Mobile Apps Development

iOS + Android Code Signing: What You Need To Know

November 19, 2019

Mobile app development is fun … until code signing, which is a really painful and cumbersome task that mobile developers cannot run away from, unless you completely understand how it works. In this article, we’ll talk about how code signing works on the iOS + Android platforms.

What is code signing?

code signing
Figure 1. Components of iOS Code Signing

Code signing is the process of digitally signing executables and scripts to confirm the software author and guarantee that the code has not been altered or corrupted since it was signed. The process employs the use of a cryptographic hash to validate authenticity and integrity. In the case of mobile apps, users can be assured that the apps they download from the App Store or Google Play Store are from the developers they trust, without worrying too much about security.

iOS Code Signing

To build and deploy an app to the App Store, we need to have the development and distribution certificates. To do that, a Certificate Signing Request (CSR) needs to be generated. CSR is the process of requesting certificates from the Certificate Authority (CA – which is Apple) so that Apple can verify the details of who is requesting an issue of the developer certificate (if the details are correct). A CSR file is created from a local macOS machine, along with a pair of private & public key (the applicant keeps the private key secret). It has a .certSigningRequest extension and typically includes the certificate request information, signature algorithm, and a public key of the requester.

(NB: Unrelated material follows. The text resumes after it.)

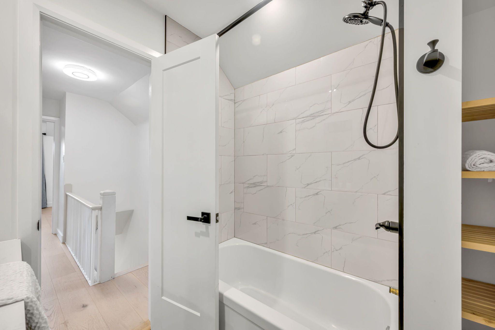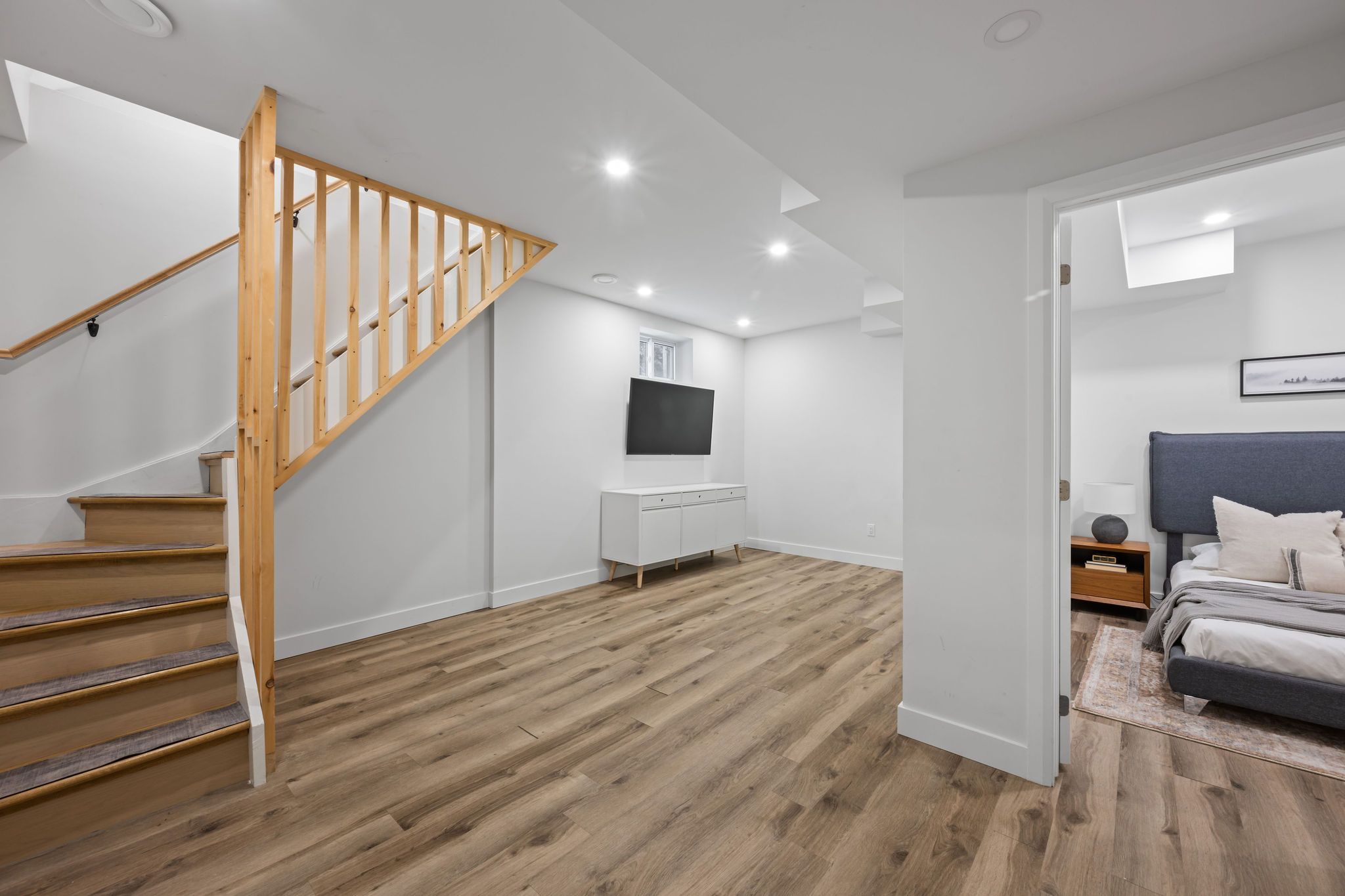 • Bright, open-concept main level with wide-plank hardwood flooring throughout.

Next, we need to submit our CSR to create a new certificate (development/distribution) on the Apple Developer Portal. The certificate will have an extension of .cer. You can download the certificate and install it in Keychain Access by double-clicking on it. Basically, the certificate has all the data that we have provided while creating the certificate signing request (email, name, country). Apple then adds some signer data like authority, expiry date, etc. 

Having the certificate alone can’t code sign an iOS app

We need the other components in the signing process: provisioning profiles & entitlements.

code signing
Figure 2. List of entitlements (capabilities)

The app’s entitlements or capabilities are configured to specify which resources of the system that app is allowed to use and under what situation, for example iCloud, Push Notifications, Apple Pay, Siri, etc.

If certificates are all about our identities (as developers), then provisioning profiles are all about our apps. A provisioning profile contains these pieces of information:

  • Team ID
  • Bundle ID
  • App ID
  • Entitlements
  • Developer certificates
  • Provisioned devices in the list of UDIDs (for development certificate. In the case of distribution certificate, there’s no provisioned devices)
code signing
Figure 3. Summary of iOS Code Signing process
(Source: iOS Code Signing & Provisioning in a Nutshell)

After we have the certificates and provisioning profiles ready

We can now move to the next steps of code signing. First, all parts of the code will be hashed to make a “seal” to ensure integrity. The hashes will then be encrypted using the signer’s private key. The encrypted hashes along with the signer’s certificate represent the digital signature that is stored in the app. This is the end of the code signing process.

When a user downloads & installs an app from App Store, the provisioning profiles are pushed to that user’s device. iOS will proof if everything is correctly configured. It means that the Provisioning Profile should include the Certificate you used to sign the aApp, the app ID is correct, your device is in the list of provisioned devices (in the case of development certificate), etc. If one of the above checks fails, the app can’t be opened on the device!

Android Code Signing

As opposed to the complexity of the iOS code signing process, the Android one is somewhat easy to comprehend. But first, you will need to know about Google Play’s app signing.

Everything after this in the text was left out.